# Stored data entries
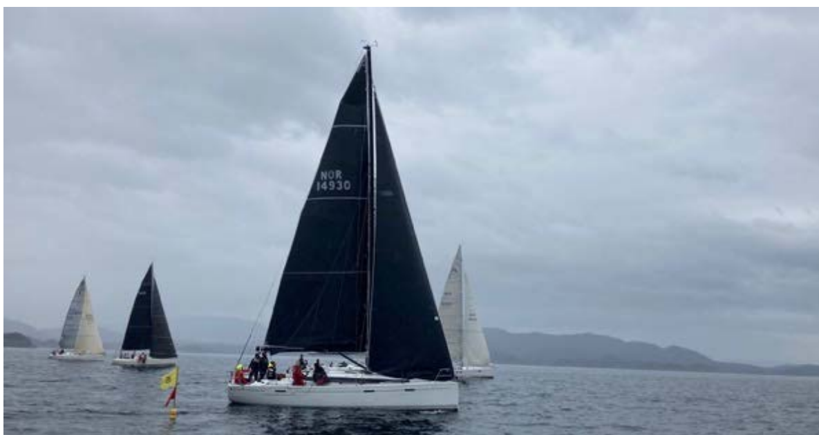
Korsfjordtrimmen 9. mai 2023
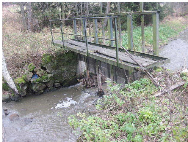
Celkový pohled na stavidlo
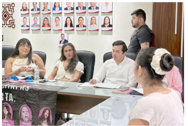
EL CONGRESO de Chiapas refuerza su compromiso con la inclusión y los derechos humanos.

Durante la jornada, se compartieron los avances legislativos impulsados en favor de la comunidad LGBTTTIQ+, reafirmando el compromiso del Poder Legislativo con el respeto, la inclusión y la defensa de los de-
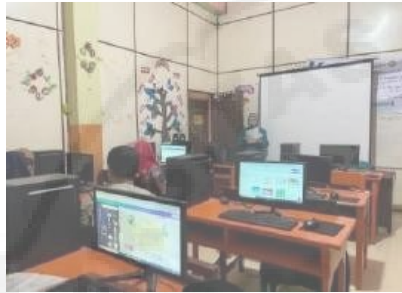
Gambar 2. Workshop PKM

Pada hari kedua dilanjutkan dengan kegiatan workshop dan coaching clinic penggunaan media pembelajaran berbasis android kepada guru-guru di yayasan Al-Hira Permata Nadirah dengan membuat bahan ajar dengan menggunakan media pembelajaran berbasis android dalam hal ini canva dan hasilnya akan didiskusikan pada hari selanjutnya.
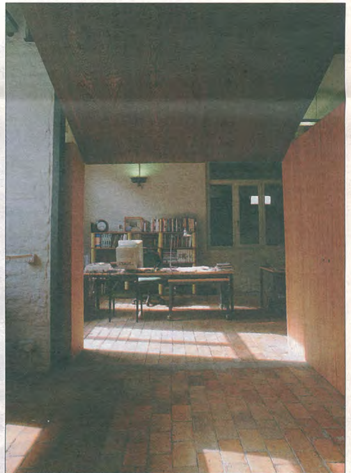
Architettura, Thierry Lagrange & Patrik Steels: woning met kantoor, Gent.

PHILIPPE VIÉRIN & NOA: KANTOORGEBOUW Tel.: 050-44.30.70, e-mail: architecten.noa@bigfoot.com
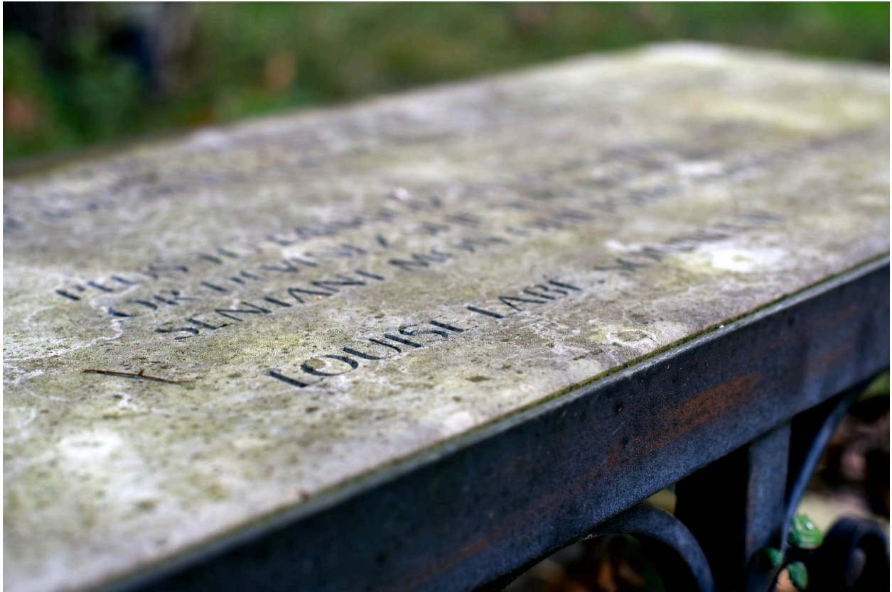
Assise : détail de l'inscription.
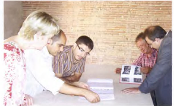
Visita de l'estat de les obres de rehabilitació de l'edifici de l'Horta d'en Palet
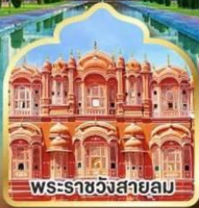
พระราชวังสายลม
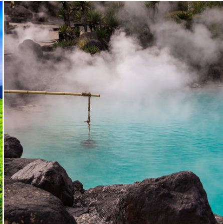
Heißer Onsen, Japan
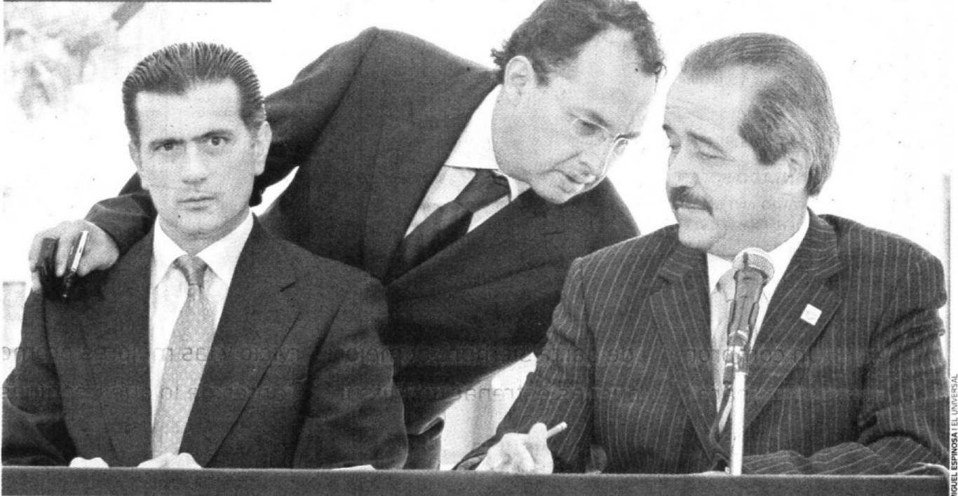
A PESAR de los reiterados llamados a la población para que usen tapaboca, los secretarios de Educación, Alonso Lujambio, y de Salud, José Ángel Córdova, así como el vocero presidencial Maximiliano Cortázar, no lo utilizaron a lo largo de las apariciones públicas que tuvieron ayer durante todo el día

# Task prompt
Output exactly the lines from the one containing "พระราชวังสายลม" through the last line of the records above, both included, leaving out any pictures.

# Finished exercise
พระราชวังสายลม
Heißer Onsen, Japan
A PESAR de los reiterados llamados a la población para que usen tapaboca, los secretarios de Educación, Alonso Lujambio, y de Salud, José Ángel Córdova, así como el vocero presidencial Maximiliano Cortázar, no lo utilizaron a lo largo de las apariciones públicas que tuvieron ayer durante todo el día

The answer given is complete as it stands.